- [Recorded data]
□ □ □ □ □
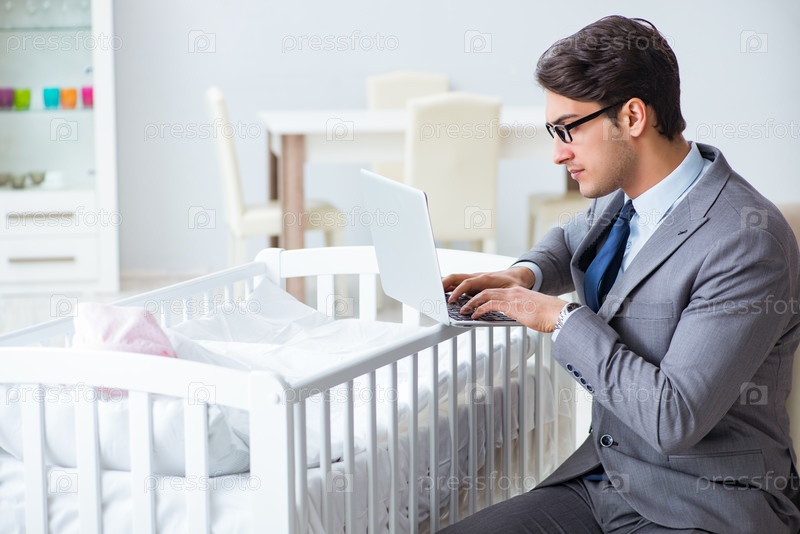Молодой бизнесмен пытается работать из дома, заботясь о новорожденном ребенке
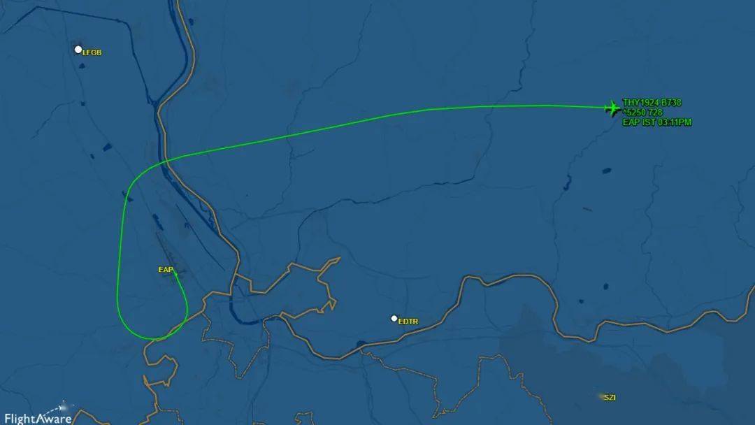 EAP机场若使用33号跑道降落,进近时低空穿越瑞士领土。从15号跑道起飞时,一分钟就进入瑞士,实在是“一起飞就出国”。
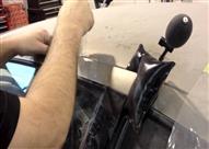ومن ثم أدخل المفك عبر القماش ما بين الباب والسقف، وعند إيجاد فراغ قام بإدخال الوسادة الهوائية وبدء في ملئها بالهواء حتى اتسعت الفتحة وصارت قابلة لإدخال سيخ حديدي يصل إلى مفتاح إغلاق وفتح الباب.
□ □ □ □ □
- [Work required] Return all the lines above exactly; none of the pictures should appear.

- [Exercise result]
Молодой бизнесмен пытается работать из дома, заботясь о новорожденном ребенке
 EAP机场若使用33号跑道降落,进近时低空穿越瑞士领土。从15号跑道起飞时,一分钟就进入瑞士,实在是“一起飞就出国”。
ومن ثم أدخل المفك عبر القماش ما بين الباب والسقف، وعند إيجاد فراغ قام بإدخال الوسادة الهوائية وبدء في ملئها بالهواء حتى اتسعت الفتحة وصارت قابلة لإدخال سيخ حديدي يصل إلى مفتاح إغلاق وفتح الباب.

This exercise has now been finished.